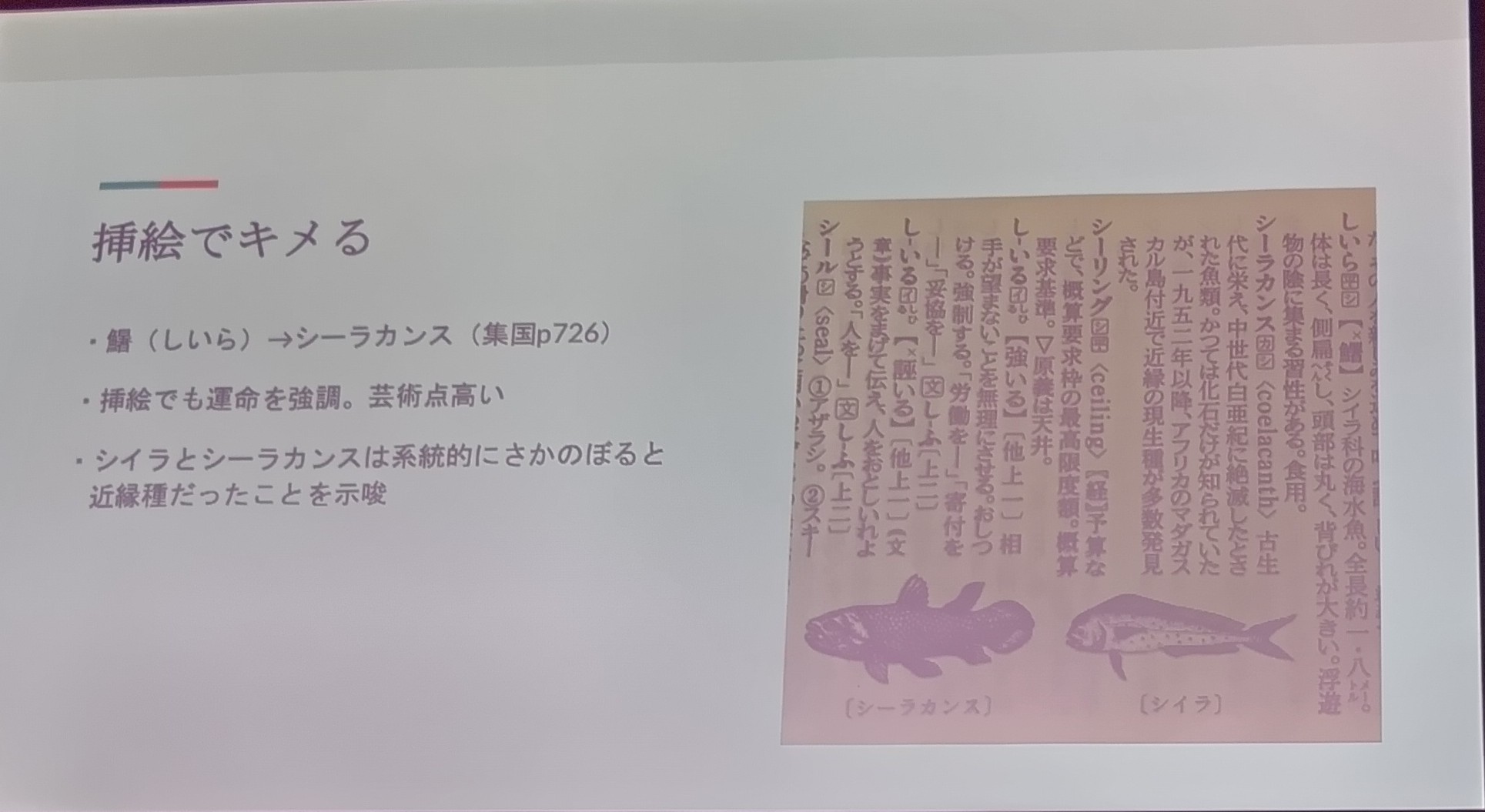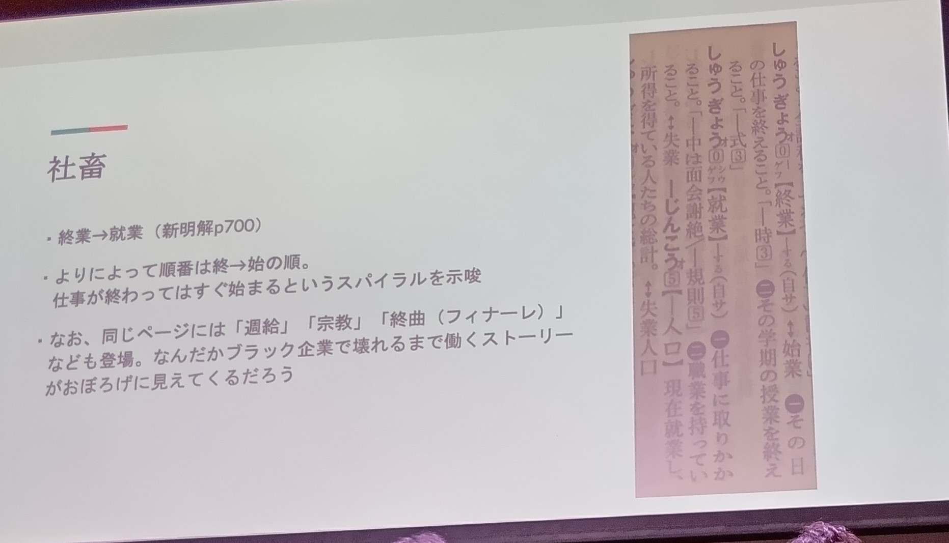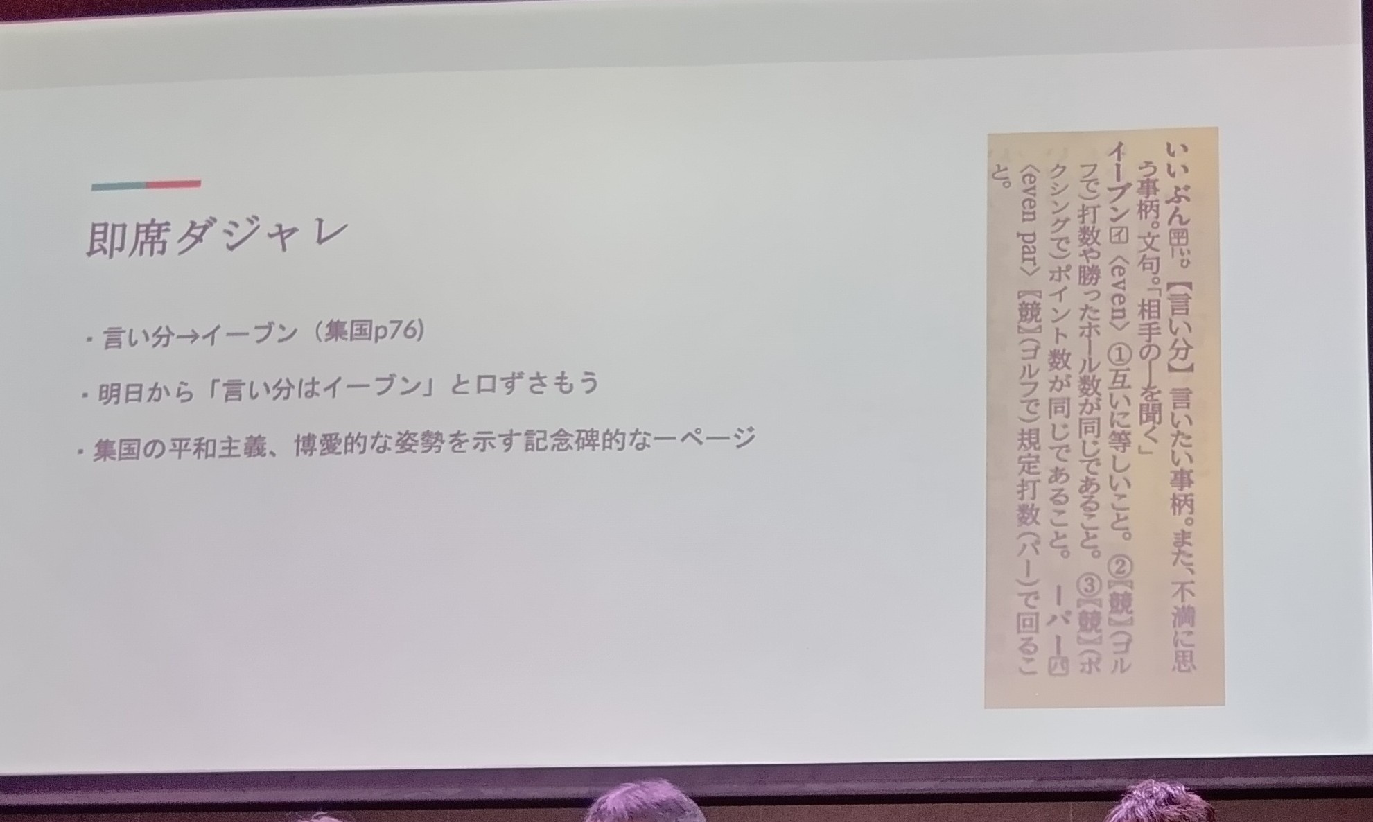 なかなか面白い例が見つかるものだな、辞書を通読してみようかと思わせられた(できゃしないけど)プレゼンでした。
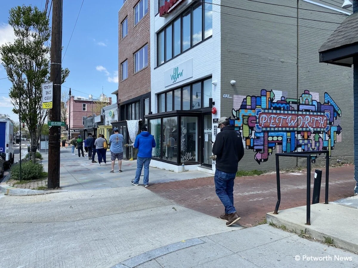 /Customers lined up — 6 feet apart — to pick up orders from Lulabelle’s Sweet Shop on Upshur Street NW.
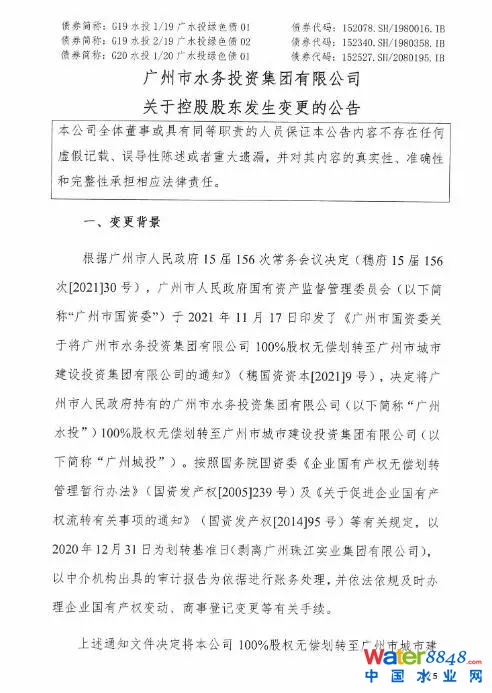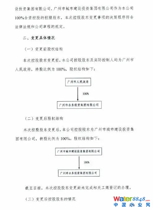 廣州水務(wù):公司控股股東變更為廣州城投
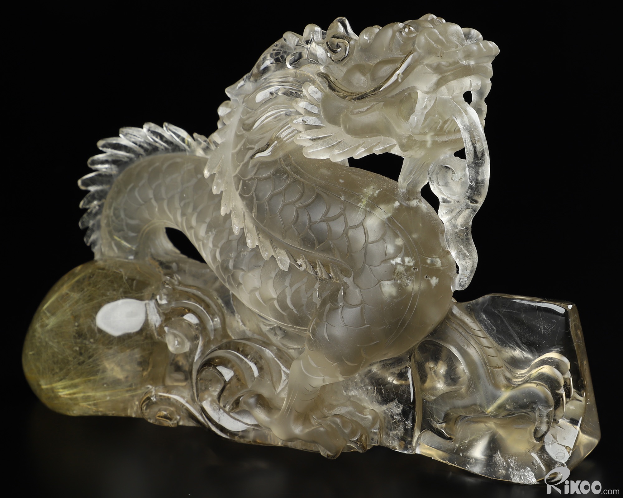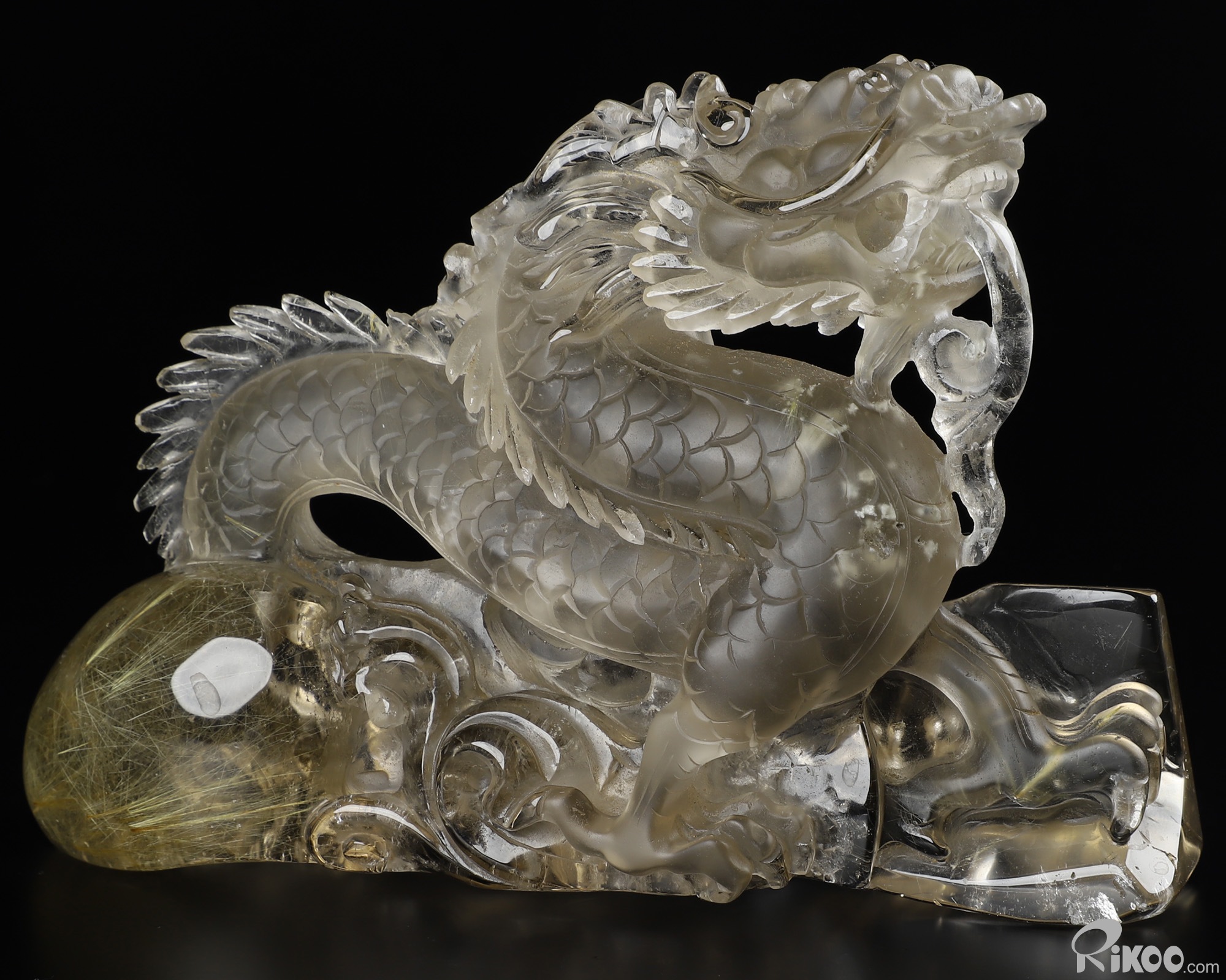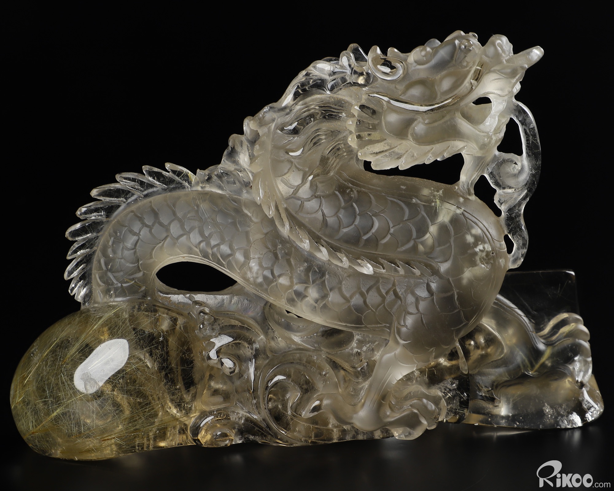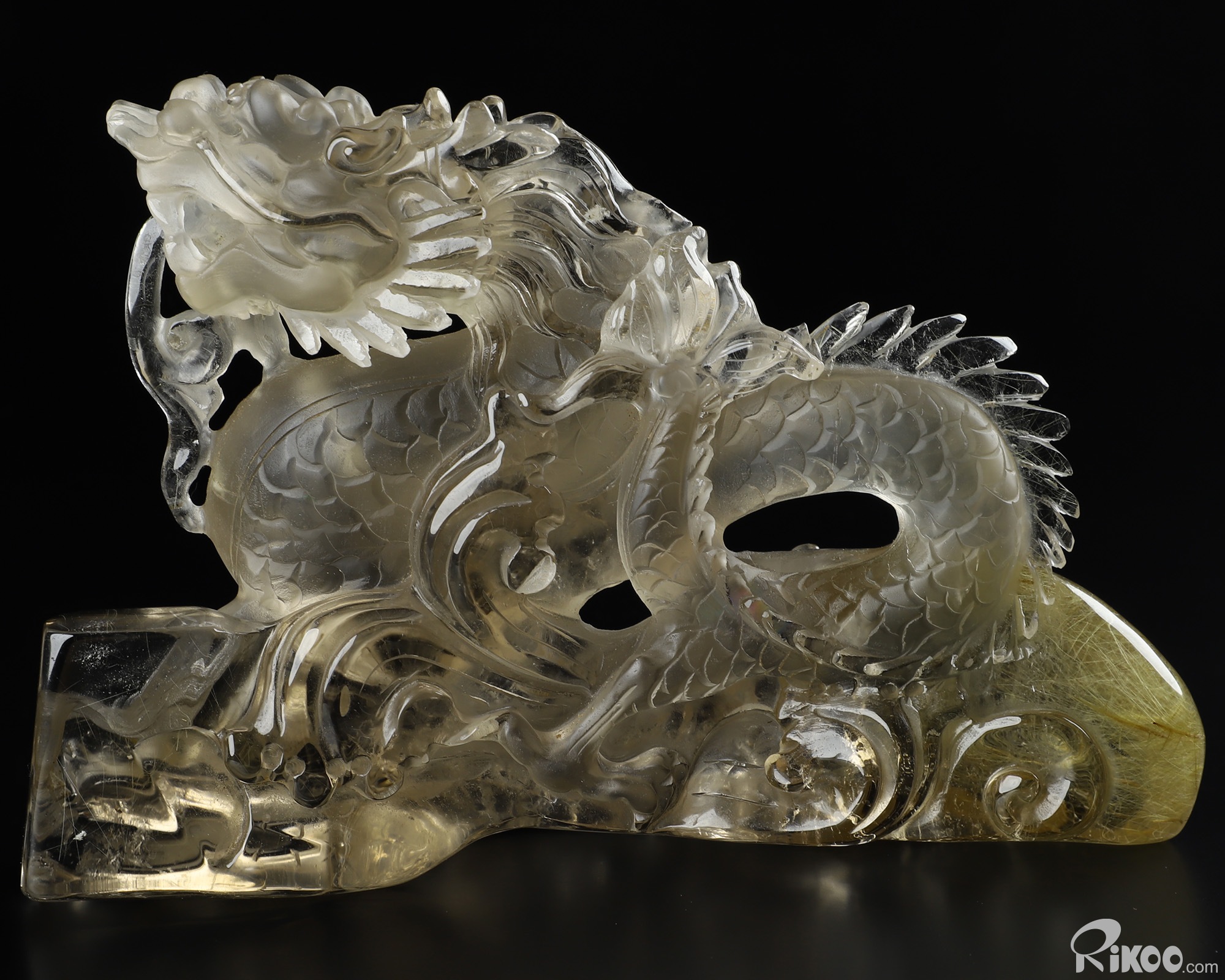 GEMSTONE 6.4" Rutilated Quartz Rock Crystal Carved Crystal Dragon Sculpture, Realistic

..........

_DIRECTIONS FOR THIS TASK_
Please output the data above exactly as given, omitting every picture.

_ANSWER TO THIS EXERCISE_
 なかなか面白い例が見つかるものだな、辞書を通読してみようかと思わせられた(できゃしないけど)プレゼンでした。
 /Customers lined up — 6 feet apart — to pick up orders from Lulabelle’s Sweet Shop on Upshur Street NW.
 廣州水務(wù):公司控股股東變更為廣州城投
 GEMSTONE 6.4" Rutilated Quartz Rock Crystal Carved Crystal Dragon Sculpture, Realistic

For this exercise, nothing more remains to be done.